Dr. Simona Bar-Haim, head of the Laboratory for Rehabilitation and Motor Control of Walking at Ben-Gurion and a faculty member of its health sciences school, has taken the concept of empowering women in research and academia to another level with the Middle East Stepping Forward project funded in large part by U.S. Agency for International Development.

“We made a request [in the research proposal] that half of the researchers and medical clinicians we work with [must be] women,” said Bar-Haim, “and that half of the people receiving the rehab [must be] women.” The hope is that women on the team will be exposed to the idea “they [can] grow to become strong women. You know, it’s a process.”

As an extension of the work begun in her lab, Bar-Haim works with Israeli, Palestinian and Jordanian researchers to develop effective treatments for teens with cerebral palsy and brain trauma patients by way of re-patterning learning pathways in the brain. The goal is to help patients walk more efficiently and with more confidence, not to “normalize” a defective gait.
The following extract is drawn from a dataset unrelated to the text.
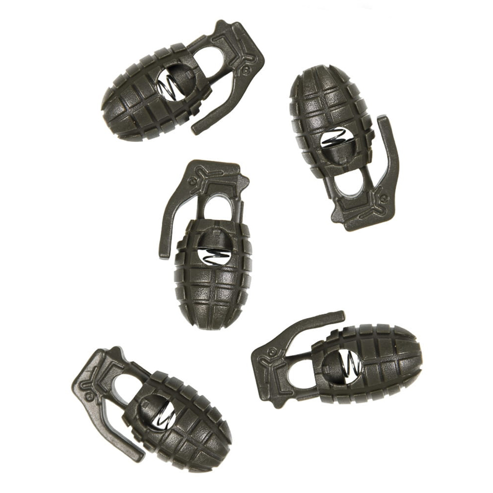 Koralik Do Paracordu Mil-Tec Granat Olive 10 szt to zestaw 10 stoperów w kształcie granatu, wykonanych z wytrzymałego polimeru. Są idealne do mocowania sznurków lub gumy do plecaków i innego ekwipunku. Są odporne na uszkodzenia i niskie temperatury.
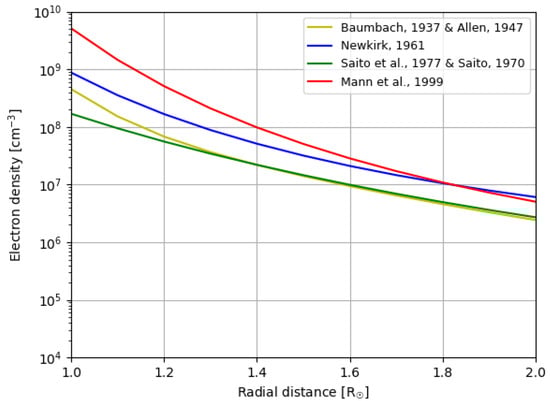 Compilation of generally used models of electron density in the solar corona presented by different authors. The lines correspond to: Baumbach, 1937 [], Allen, 1947 [], Newkirk, 1961 [], Saito et al., 1970 [], Saito et al., 1977 [] and Mann et al., 1999 []).

The Re-Step training technology, developed by Bar-Haim, is based on chaos theory. For therapeutic treatment, a patient wears specially designed shoes equipped with sensor pistons on the sole that emulate walking upon an unexpected environment. The movement of the pistons is generated by a chaos-based algorithm and creates the sensation of walking upon quickly changing terrain that causes slight uncertainty as the patient walks. The software adapts to each person’s gait according to his abilities.

But visually for the patient, the look of the terrain doesn’t change. For instance, as he walks using the therapeutic shoes down a hallway or sidewalk, all he sees is even terrain — but cognitively, his brain is processing the chaotic micro-movements created by the shoes. The patient compensates for the changes through balance, thus retraining the brain to adjust each step to walk with more ease and efficiency.

The movements created by the pistons are micro increments, “because the brain learns from small errors. If movement would be too big, it would be [registered as] artificial” by the brain, explained Bar-Haim. “So there are small changes for each step; up or down, left or right. … We think this is the best training to target areas in the brain for creating plasticity of the [pathways] that control motor function.”

Bar-Haim, who has been working with this technology since 2004, is conducting treatment at clinics in East Jerusalem, Hebron and Amman, Jordan.

“Every new project and new thing we’re doing, we’re asking that women will be involved,” she said. “They are progressing, they are going forward, step by step.”